(Record set)

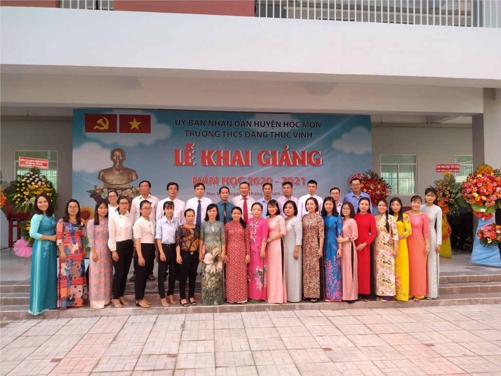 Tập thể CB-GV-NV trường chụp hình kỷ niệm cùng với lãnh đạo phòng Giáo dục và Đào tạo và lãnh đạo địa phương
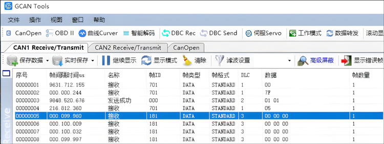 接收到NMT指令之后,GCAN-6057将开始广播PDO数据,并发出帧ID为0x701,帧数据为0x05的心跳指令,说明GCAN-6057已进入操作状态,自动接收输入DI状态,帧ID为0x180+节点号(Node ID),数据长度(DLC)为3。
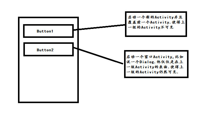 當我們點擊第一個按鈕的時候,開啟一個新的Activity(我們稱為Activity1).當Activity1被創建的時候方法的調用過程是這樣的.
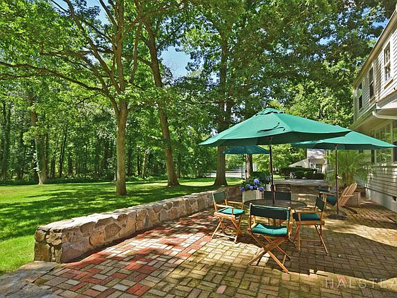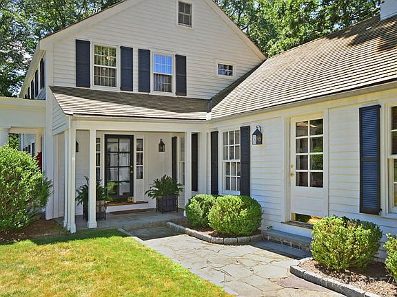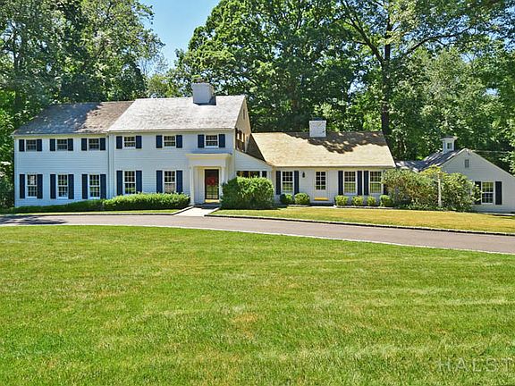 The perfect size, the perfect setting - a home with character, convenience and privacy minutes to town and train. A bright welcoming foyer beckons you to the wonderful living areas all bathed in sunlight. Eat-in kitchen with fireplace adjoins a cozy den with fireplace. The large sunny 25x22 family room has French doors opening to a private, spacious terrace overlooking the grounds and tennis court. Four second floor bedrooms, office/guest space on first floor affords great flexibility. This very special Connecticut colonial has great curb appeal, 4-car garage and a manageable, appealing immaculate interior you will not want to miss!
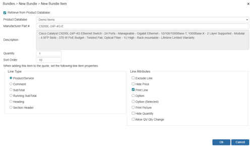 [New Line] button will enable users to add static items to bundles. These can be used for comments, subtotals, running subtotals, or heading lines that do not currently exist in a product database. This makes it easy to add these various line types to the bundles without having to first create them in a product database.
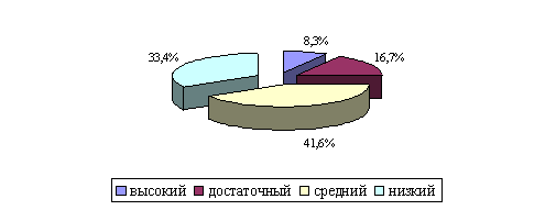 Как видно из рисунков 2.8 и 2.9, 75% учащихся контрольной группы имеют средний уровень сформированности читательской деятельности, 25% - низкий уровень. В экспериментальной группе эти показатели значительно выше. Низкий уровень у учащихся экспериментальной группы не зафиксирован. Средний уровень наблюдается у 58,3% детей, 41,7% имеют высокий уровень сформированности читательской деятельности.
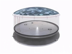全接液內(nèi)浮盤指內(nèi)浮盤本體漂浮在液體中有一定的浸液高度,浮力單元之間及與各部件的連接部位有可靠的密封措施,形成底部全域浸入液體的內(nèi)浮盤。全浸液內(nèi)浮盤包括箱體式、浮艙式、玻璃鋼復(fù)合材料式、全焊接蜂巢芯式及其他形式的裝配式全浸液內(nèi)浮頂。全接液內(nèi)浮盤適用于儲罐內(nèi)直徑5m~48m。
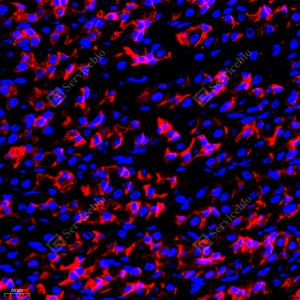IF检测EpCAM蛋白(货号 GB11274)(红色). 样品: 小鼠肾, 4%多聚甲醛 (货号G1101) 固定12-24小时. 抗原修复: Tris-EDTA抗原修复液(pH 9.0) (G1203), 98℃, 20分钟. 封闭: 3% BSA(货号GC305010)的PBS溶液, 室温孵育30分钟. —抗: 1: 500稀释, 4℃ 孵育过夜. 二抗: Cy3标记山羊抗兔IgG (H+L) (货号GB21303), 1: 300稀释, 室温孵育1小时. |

(End Record set)
(Record set)

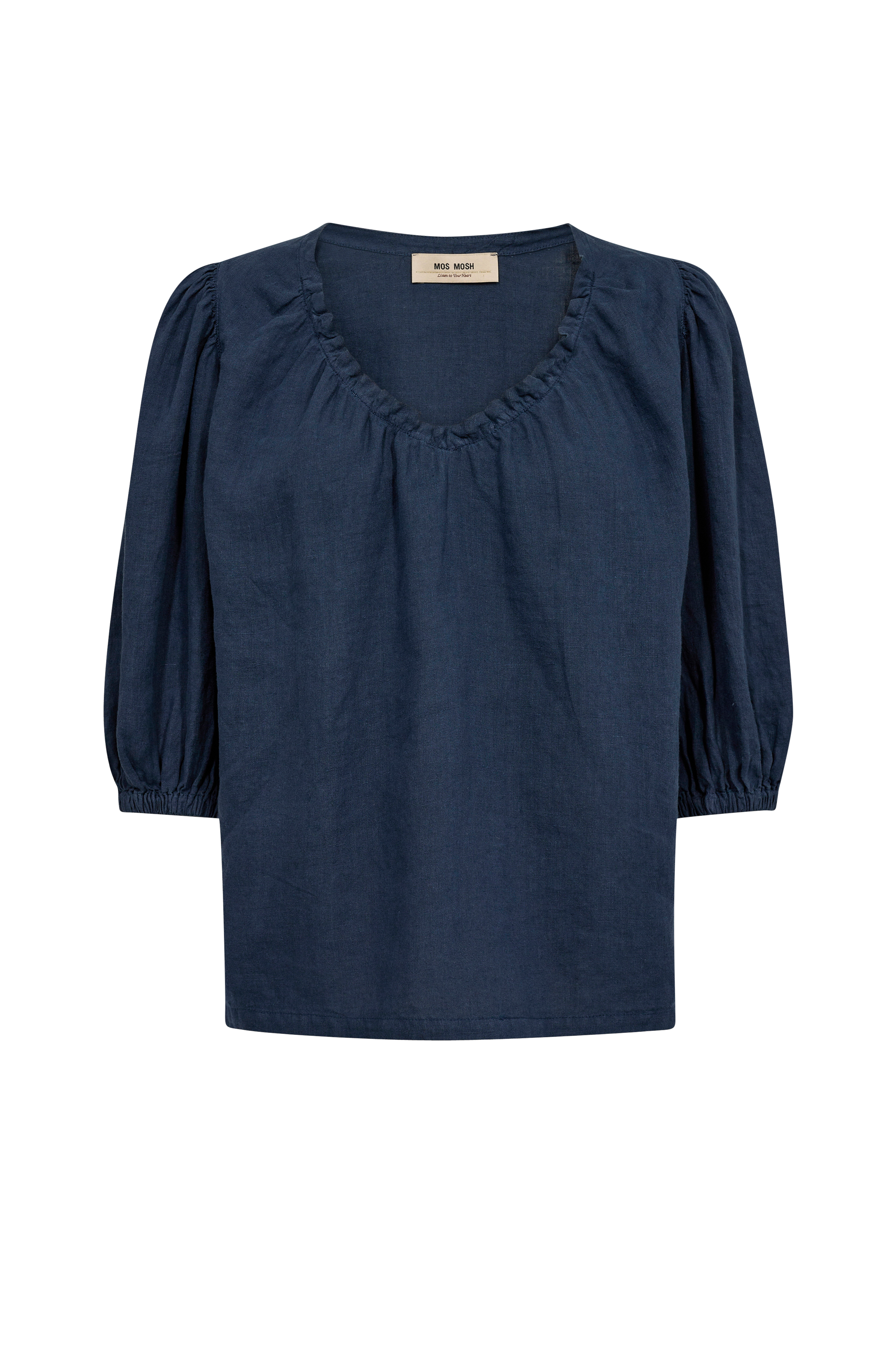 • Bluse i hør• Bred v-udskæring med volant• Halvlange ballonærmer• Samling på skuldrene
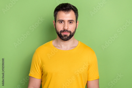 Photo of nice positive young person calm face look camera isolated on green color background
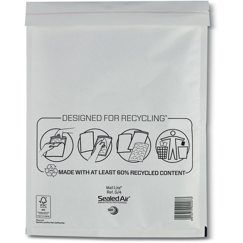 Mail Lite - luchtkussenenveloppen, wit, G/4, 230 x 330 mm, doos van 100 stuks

(End Record set)
(Record set)

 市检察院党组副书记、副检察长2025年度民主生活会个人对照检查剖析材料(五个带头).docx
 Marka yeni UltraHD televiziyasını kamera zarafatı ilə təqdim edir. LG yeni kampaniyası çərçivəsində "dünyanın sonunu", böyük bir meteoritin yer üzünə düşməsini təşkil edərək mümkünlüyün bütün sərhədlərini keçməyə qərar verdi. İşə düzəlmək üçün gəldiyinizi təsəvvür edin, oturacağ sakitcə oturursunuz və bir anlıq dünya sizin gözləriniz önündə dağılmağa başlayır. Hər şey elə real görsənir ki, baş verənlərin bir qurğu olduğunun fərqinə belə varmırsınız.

(End Record set)

• _Prompt_: Output only the lines above from the one containing "Tập thể CB-GV-NV" to the one containing "Как видно из", both included, exactly as written and with no pictures.

• _Result of the exercise_:
 Tập thể CB-GV-NV trường chụp hình kỷ niệm cùng với lãnh đạo phòng Giáo dục và Đào tạo và lãnh đạo địa phương
 接收到NMT指令之后,GCAN-6057将开始广播PDO数据,并发出帧ID为0x701,帧数据为0x05的心跳指令,说明GCAN-6057已进入操作状态,自动接收输入DI状态,帧ID为0x180+节点号(Node ID),数据长度(DLC)为3。
 當我們點擊第一個按鈕的時候,開啟一個新的Activity(我們稱為Activity1).當Activity1被創建的時候方法的調用過程是這樣的.
 The perfect size, the perfect setting - a home with character, convenience and privacy minutes to town and train. A bright welcoming foyer beckons you to the wonderful living areas all bathed in sunlight. Eat-in kitchen with fireplace adjoins a cozy den with fireplace. The large sunny 25x22 family room has French doors opening to a private, spacious terrace overlooking the grounds and tennis court. Four second floor bedrooms, office/guest space on first floor affords great flexibility. This very special Connecticut colonial has great curb appeal, 4-car garage and a manageable, appealing immaculate interior you will not want to miss!
 [New Line] button will enable users to add static items to bundles. These can be used for comments, subtotals, running subtotals, or heading lines that do not currently exist in a product database. This makes it easy to add these various line types to the bundles without having to first create them in a product database.
 Как видно из рисунков 2.8 и 2.9, 75% учащихся контрольной группы имеют средний уровень сформированности читательской деятельности, 25% - низкий уровень. В экспериментальной группе эти показатели значительно выше. Низкий уровень у учащихся экспериментальной группы не зафиксирован. Средний уровень наблюдается у 58,3% детей, 41,7% имеют высокий уровень сформированности читательской деятельности.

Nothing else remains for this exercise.